# Using Extracts in soaps



## *Cakes

Can you use baking Extracts in soap? (Pure Vanilla, Pure Anise, Pure Lemon, etc.)

Why or why not? I have never seen them listed in any recipe. 
Thanks!


----------



## lynpea

Nope you can't. The kitchen extracts do not have enough *umph* to make it through the lye. You are better off using essential oils or fragrance oils. Course you can also make unscented soap... which I did yesterday by not remembering to use the FO that was poured and sitting on the table next to me!


----------



## Tater'sPa

Also those types baking extracts are usually alcohol based and would seize your batch instantly when added....no fun at all


----------



## halfpint

I've talked to some people who tried pure vanilla extract with HP soap, and they said it worked, but turned the soap brown and the scent did not hold for more than a few days.

I tried vanilla powder, and it did not turn the soap brown, but the scent did not hold either, although it did smell really good for several days.

Dawn


----------



## Gailann Schrader

most vanilla whatevers will turn the soap browner. I think it gives the customer a better scent. They see brown and smell vanilla and it makes it more vanilla-y.

Don't use kitchen vanilla. It won't hold. And you risk the sieze problem...

Now if you want to make your soap "neat" and then re-batch? Yeah. 

"Neat" refers to making a batch with NO scent or added goodies. Just soap.


----------



## MullersLaneFarm

lynpea said:


> Course you can also make unscented soap... which I did yesterday by not remembering to use the FO that was poured and sitting on the table next to me!



Been there!! Now I always put my EO/FO bottle in the lined mold - I have to remove the bottle before I pour so no more accidental unscented soap (especially made terrible if you just made the most perfect swirls you've ever done!!)


----------



## Hovey Hollow

I've quit adding FO at trace for that exact reason.

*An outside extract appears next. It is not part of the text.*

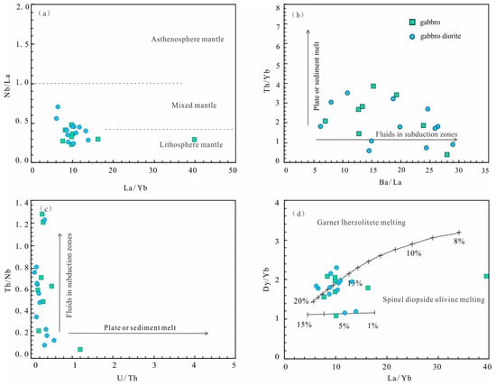 The gabbro and gabbro diorite samples from the Kekesha intrusion exhibit characteristics consistent with calc-alkaline basalt, including low TiO2, high Al2O3, and relative enrichment in large-ion lithophile elements (LILEs) and light rare earth elements (LREEs). These rocks are characterized by a depletion in heavy rare earth elements (HREEs) and high-field-strength elements (HFSEs) (Figure 9a,b), which closely resembles melts derived from the partial melting of an enriched lithospheric mantle [,,,], showing typical island-arc basalt (IAB)characteristics. In addition, in the La/Yb-Nb/La diagram, most of the gabbro and gabbro diorite samples in the Kekesha intrusion fall into the lithospheric mantle source region, but a few fall into the mixed mantle source region, and gather around the boundary between the lithospheric mantle and the mixed mantle (Figure 11a), indicating that they originate from the partial melting of the enriched mantle source region and are partially affected by the asthenosphere mantle material [,]. The research results have shown that there are significant differences in the activity of trace elements in plate subduction, in which the fluid in the subduction material and the magma caused by melt metasomatism will show different trace element content characteristics []. The Th/Yb, Ba/La, Th/Nb, and U/Th ratios indicate a relatively stable Th/Yb ratio and a broad Ba/La ratio (Figure 11b), as well as a broad Th/Nb and a narrow U/Th ratio (Figure 11c), providing evidence for fluid-induced metasomatism during subduction [,] (Figure 11c).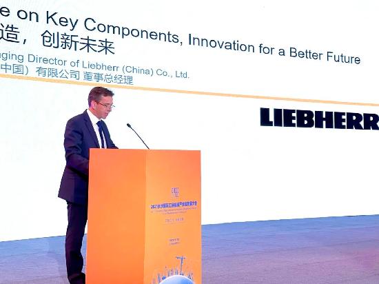 大会上,利勃海尔(中国)有限公司董事总经理Armin Natter那德明先生对中国工业的未来发表了自己的见解,他表示“乘着十四五的东风,我们在工程机械与绿色能源等领域看到更多机遇,对中国未来的发展更加充满信心。今年底,位于上海的利勃海尔中国新总部即将落成并投入使用,我们期待与本土优秀企业有更多合作,并为中国第二个百年的伟大目标贡献我们的一份力量!”

Now I add it to my oils before I add the lye. Unless I'm using a discoloring FO then I add the FO to my swirl portion. I just can't bring myself to make a solid dark brown soap, so I always do a dark brown swirl instead. 

You know, I think this very question was my first soapmaking question.....LOL! Now I have a very rapidly growing collection of fragrance oils, cause they are very addicting!


----------